**YOUR INSTRUCTIONS**
Repeat exactly the lines beginning at the one that contains "作為代表性的環(huán)京" and running to the end of the material. Omit the pictures.

**EXERCISE DATA**

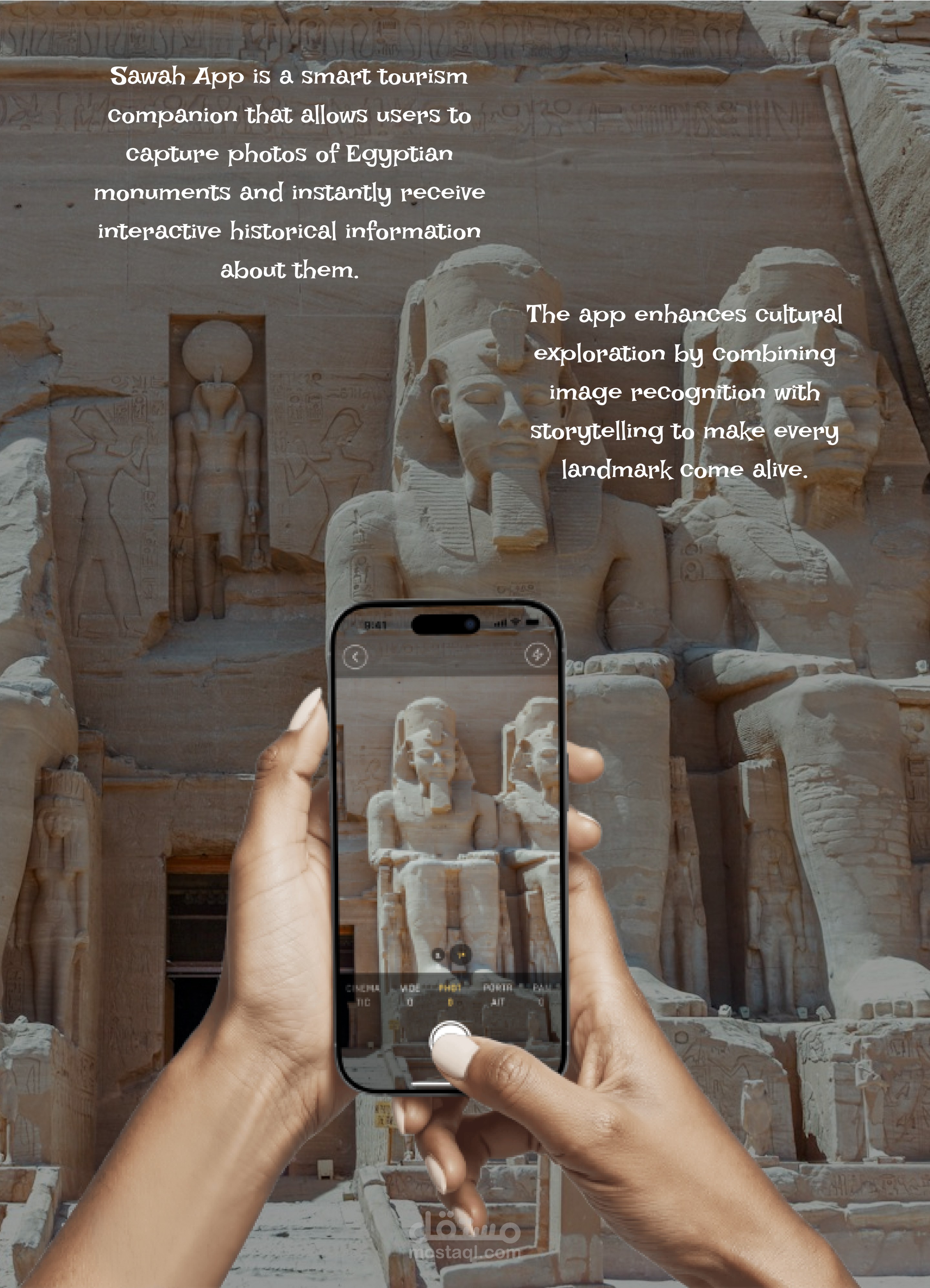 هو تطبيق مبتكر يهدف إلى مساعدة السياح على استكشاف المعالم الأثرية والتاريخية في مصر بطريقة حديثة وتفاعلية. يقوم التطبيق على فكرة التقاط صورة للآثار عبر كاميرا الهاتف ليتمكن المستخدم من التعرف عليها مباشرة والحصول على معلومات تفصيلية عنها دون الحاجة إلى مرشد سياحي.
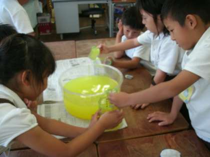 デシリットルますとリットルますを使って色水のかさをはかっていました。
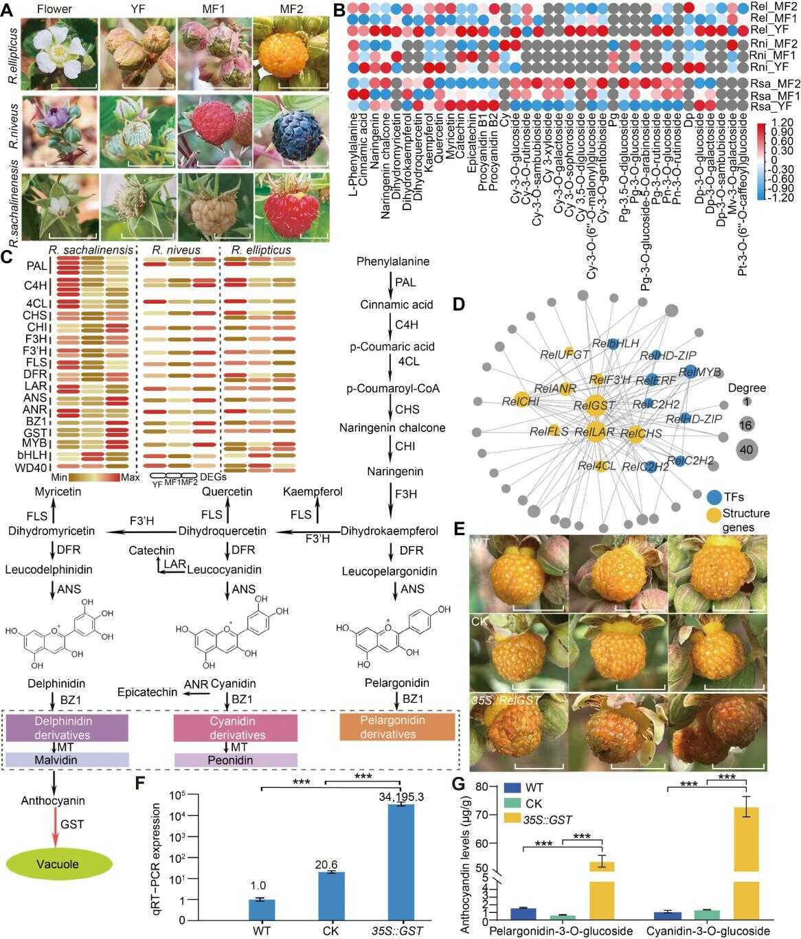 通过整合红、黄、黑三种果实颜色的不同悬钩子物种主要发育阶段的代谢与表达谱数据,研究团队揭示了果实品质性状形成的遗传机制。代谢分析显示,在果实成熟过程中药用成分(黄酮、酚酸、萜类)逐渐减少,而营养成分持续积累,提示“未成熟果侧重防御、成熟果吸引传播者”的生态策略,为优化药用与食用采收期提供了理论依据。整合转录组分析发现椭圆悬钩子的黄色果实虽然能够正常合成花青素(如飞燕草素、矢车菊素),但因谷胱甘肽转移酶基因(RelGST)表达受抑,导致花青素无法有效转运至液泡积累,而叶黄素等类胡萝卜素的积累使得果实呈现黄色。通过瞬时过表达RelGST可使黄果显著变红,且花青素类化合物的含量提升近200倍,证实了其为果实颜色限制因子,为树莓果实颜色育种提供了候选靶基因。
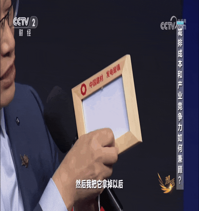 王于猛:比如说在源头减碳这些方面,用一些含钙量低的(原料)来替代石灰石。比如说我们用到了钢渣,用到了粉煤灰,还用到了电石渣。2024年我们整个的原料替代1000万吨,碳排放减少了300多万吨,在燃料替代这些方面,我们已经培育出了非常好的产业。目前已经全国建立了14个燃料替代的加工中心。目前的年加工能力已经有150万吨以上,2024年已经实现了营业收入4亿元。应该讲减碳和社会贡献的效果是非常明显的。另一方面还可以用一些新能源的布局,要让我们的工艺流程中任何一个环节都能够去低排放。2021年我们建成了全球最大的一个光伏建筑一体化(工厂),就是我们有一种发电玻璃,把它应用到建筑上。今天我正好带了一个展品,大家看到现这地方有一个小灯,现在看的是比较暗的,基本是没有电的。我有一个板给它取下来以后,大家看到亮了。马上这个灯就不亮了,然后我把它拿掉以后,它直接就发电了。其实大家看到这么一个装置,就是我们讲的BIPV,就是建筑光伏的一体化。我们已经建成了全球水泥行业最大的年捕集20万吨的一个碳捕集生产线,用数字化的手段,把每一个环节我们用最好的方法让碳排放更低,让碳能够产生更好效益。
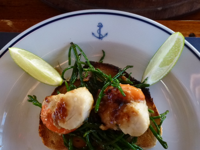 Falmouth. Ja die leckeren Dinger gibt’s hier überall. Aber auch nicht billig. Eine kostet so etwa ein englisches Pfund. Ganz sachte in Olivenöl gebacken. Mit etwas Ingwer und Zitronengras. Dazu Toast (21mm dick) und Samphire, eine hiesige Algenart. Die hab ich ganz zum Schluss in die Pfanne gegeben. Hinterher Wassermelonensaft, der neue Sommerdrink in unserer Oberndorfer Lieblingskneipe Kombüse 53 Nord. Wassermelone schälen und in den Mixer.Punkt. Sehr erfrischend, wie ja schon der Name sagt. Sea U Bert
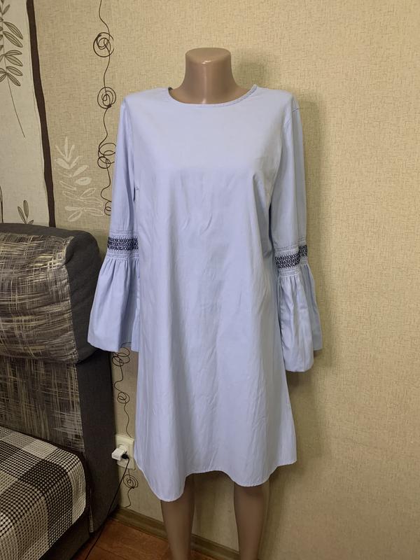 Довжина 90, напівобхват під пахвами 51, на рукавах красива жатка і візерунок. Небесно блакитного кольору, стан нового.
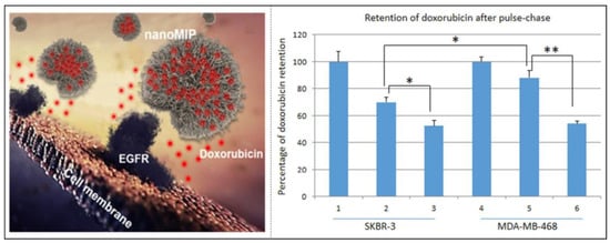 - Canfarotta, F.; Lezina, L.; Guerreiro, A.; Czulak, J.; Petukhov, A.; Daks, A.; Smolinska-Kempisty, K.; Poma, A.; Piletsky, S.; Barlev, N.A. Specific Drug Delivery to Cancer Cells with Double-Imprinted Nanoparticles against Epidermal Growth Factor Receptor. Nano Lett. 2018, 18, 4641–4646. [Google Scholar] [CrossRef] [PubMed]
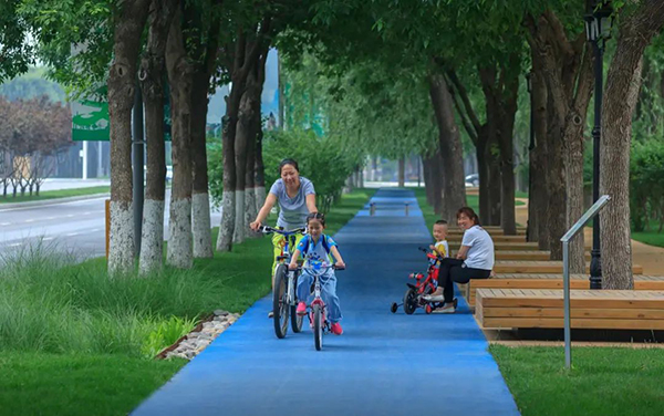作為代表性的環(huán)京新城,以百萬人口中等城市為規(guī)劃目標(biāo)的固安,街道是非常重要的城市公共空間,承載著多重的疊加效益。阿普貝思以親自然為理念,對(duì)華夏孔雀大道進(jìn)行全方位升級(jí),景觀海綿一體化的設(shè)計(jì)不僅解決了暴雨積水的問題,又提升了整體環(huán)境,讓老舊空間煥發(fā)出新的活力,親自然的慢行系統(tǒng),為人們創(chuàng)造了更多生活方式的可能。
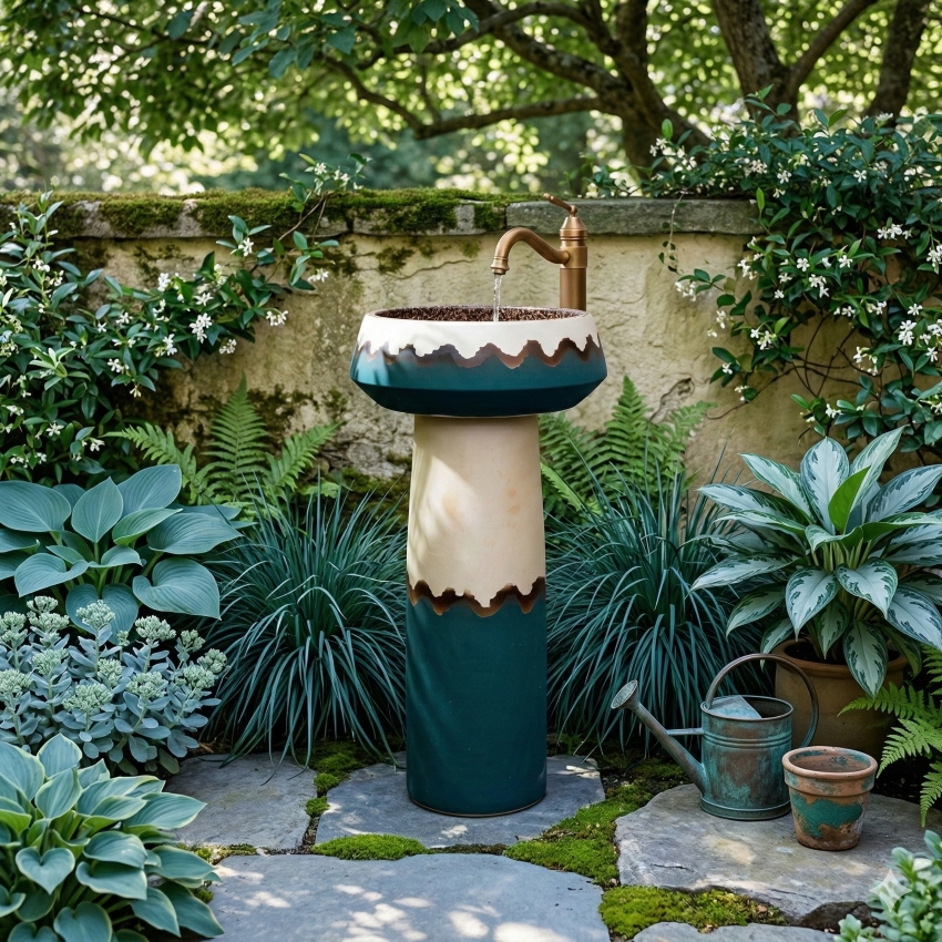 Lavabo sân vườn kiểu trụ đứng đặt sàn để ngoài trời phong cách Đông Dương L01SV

**RESULT OF THIS EXERCISE**
作為代表性的環(huán)京新城,以百萬人口中等城市為規(guī)劃目標(biāo)的固安,街道是非常重要的城市公共空間,承載著多重的疊加效益。阿普貝思以親自然為理念,對(duì)華夏孔雀大道進(jìn)行全方位升級(jí),景觀海綿一體化的設(shè)計(jì)不僅解決了暴雨積水的問題,又提升了整體環(huán)境,讓老舊空間煥發(fā)出新的活力,親自然的慢行系統(tǒng),為人們創(chuàng)造了更多生活方式的可能。
 Lavabo sân vườn kiểu trụ đứng đặt sàn để ngoài trời phong cách Đông Dương L01SV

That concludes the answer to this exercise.